Extra aufgestellte Schilder an der Kreuzung bei der evangelischen Kirche weisen die Autofahrer darauf hin, dass die Zufahrt zu den Tankstellen frei ist - was viele nicht wissen.

Auch die Kunden von Auto-Schütz finden den Weg nicht mehr so schnell zum Kfz-Fachhändler. Doch Mitarbeiterin Silvia Daab versucht ihre Kunden schon am Telefon zu informieren: „Ich erkläre ihnen vorab die Umleitung.“ Auch auf der Inernetseite informiert das Unternehmen über den aktuellen Stand der Arbeiten.
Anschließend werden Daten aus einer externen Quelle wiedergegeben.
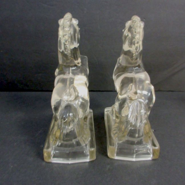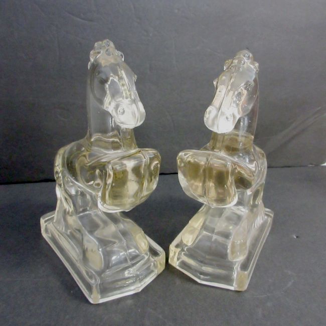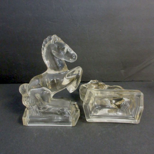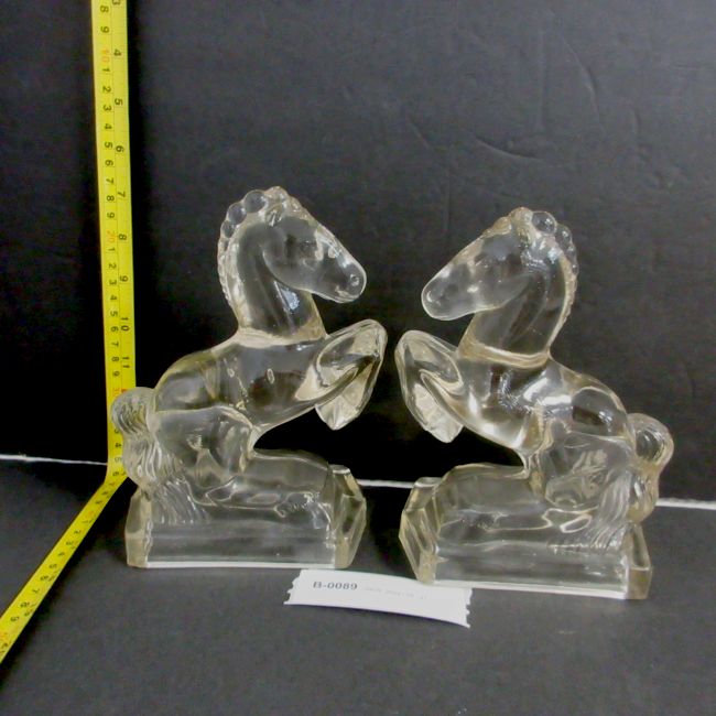 Current Bid: $5.00 [Refresh Price]YOU WILL NEED TO REFRESH THIS PAGE TO SEE UPDATED BID (Log in and this will update automatically) You must LOG IN or REGISTER to see this full page auction listing and bid. Auction is Over Winning Bid Amount: $5.00 **Lot Details: (LOT: B89) - Pair of depression era pressed glass Rearing Horse Bookends (candy decanters). Heavy Clear Figurines, These original were sold full of small candies with a wax seal bottom and made to be functional when empty Log in to add this lot to your watch list or place a bid |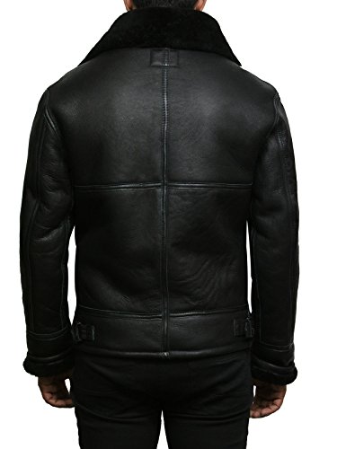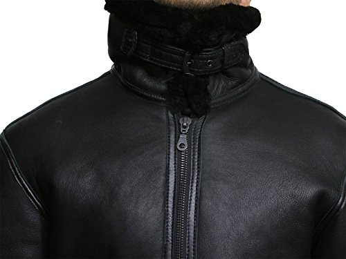 Brandslock Mens Real Shearling Sheepskin Leather Flying Aviator Bomber Jacket 6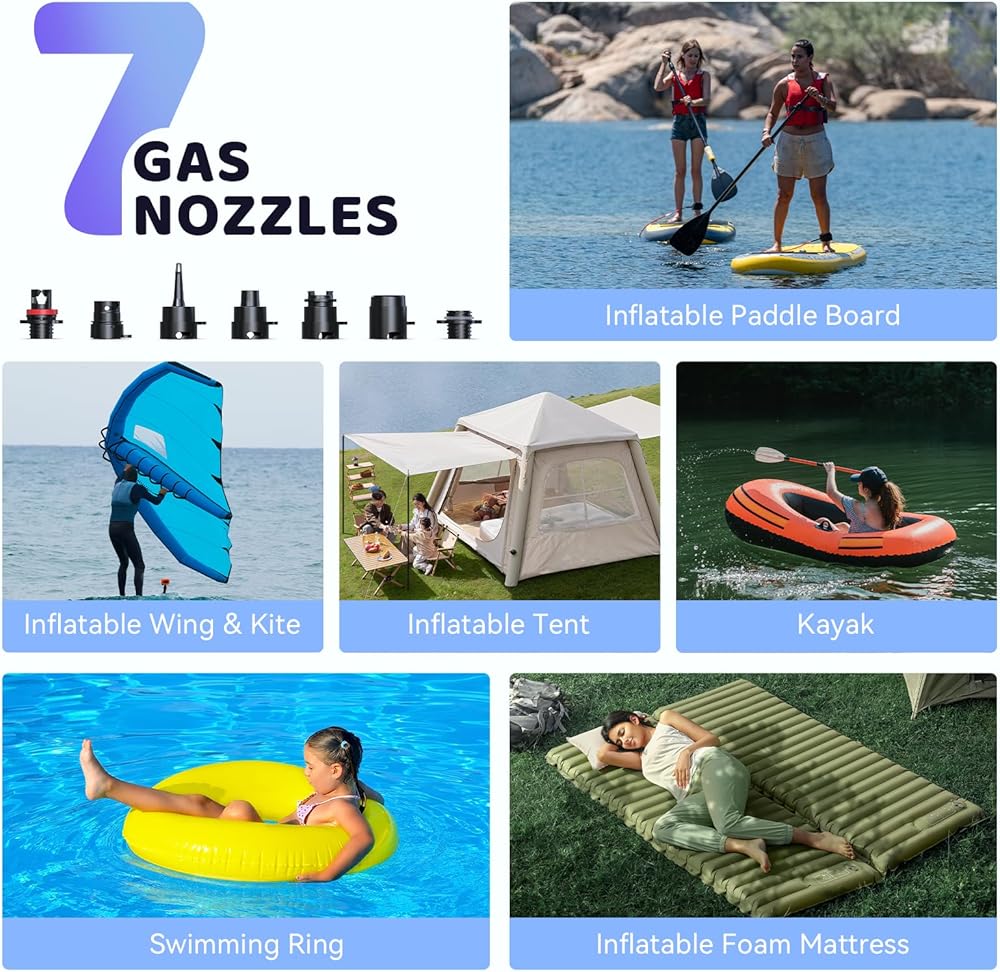 【7 فوهات لمختلف المواد القابلة للنفخ】توجد مجموعة كاملة من 7 فوهات تأتي مع مضخة SUP القابلة لإعادة الشحن. تناسب الفوهات المختلفة مختلف أنواع المطاطية، مثل أجنحة الطائرات الورقية، وقوارب الكاياك، والمواد المطاطية، والقوارب، والخيمة، وما إلى ذلك.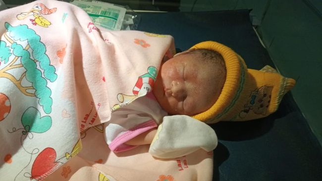 Saat ditemukan, bayi itu dibungkus kain jarik dan kantong plastik berwarna merah dengan ari-ari yang masih menempel.
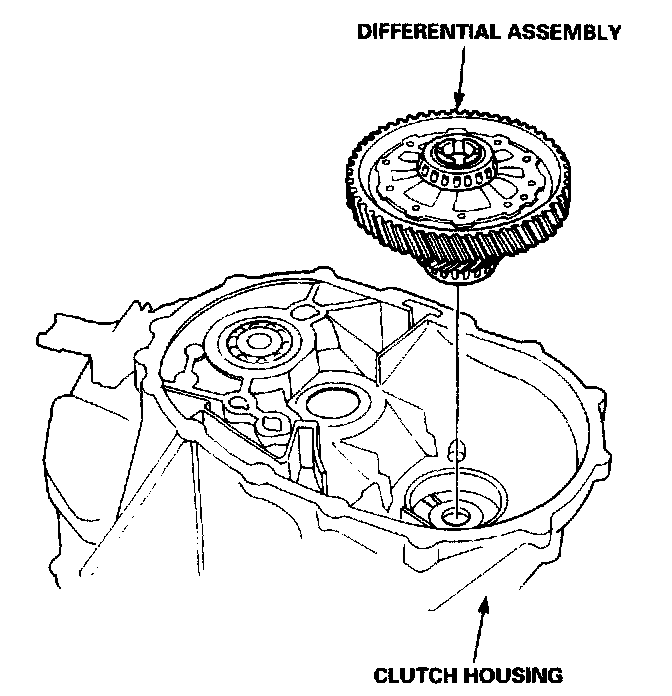 1. Install the differential assembly in the clutch housing.

Doch, dass wegen der Bauarbeiten weniger Laufkundschaft kommt, macht sich auch bei Auto-Schütz bemerkbar.
Michael Dingeldey vom Bauamt hat Verständnis für die Klagen der Unternehmer, aber er macht auch deutlich, dass nicht noch mehr an der Baustelle arbeiten können: „Wir haben schon eine optimale Besetzung. Würden noch mehr dort arbeiten, stünden sie sich nur im Weg.“ Noch mehr beschäftigen, hieße: „Wir müssten die gesamte Groß-Umstädter Straße sperren, aber wir wollen ja die Zufahrten zu den Geschäften gewährleisten.“ Er betont auch, dass die betroffenen Firmen regelmäßig per E-Mail über den Bauablauf informiert würden.

Wie lange müssen die Firmen also noch mit der Durststrecke leben? Dingeldey, der selbst regelmäßig zum Tanken in die Groß-Umstädter Straße fährt, teilt mit, dass der vierte und letzte Bauabschnitt bis Februar 2014 abgeschlossen sein soll. „Anfang nächster Woche wird die Ringstraße wieder angeschlossen von beiden Seiten“, sagt Dingeldey. Danach geht es an den zweiten Bauabschnitt (Odenwaldstraße). Auch hier wird immer eine Zufahrt offen bleiben.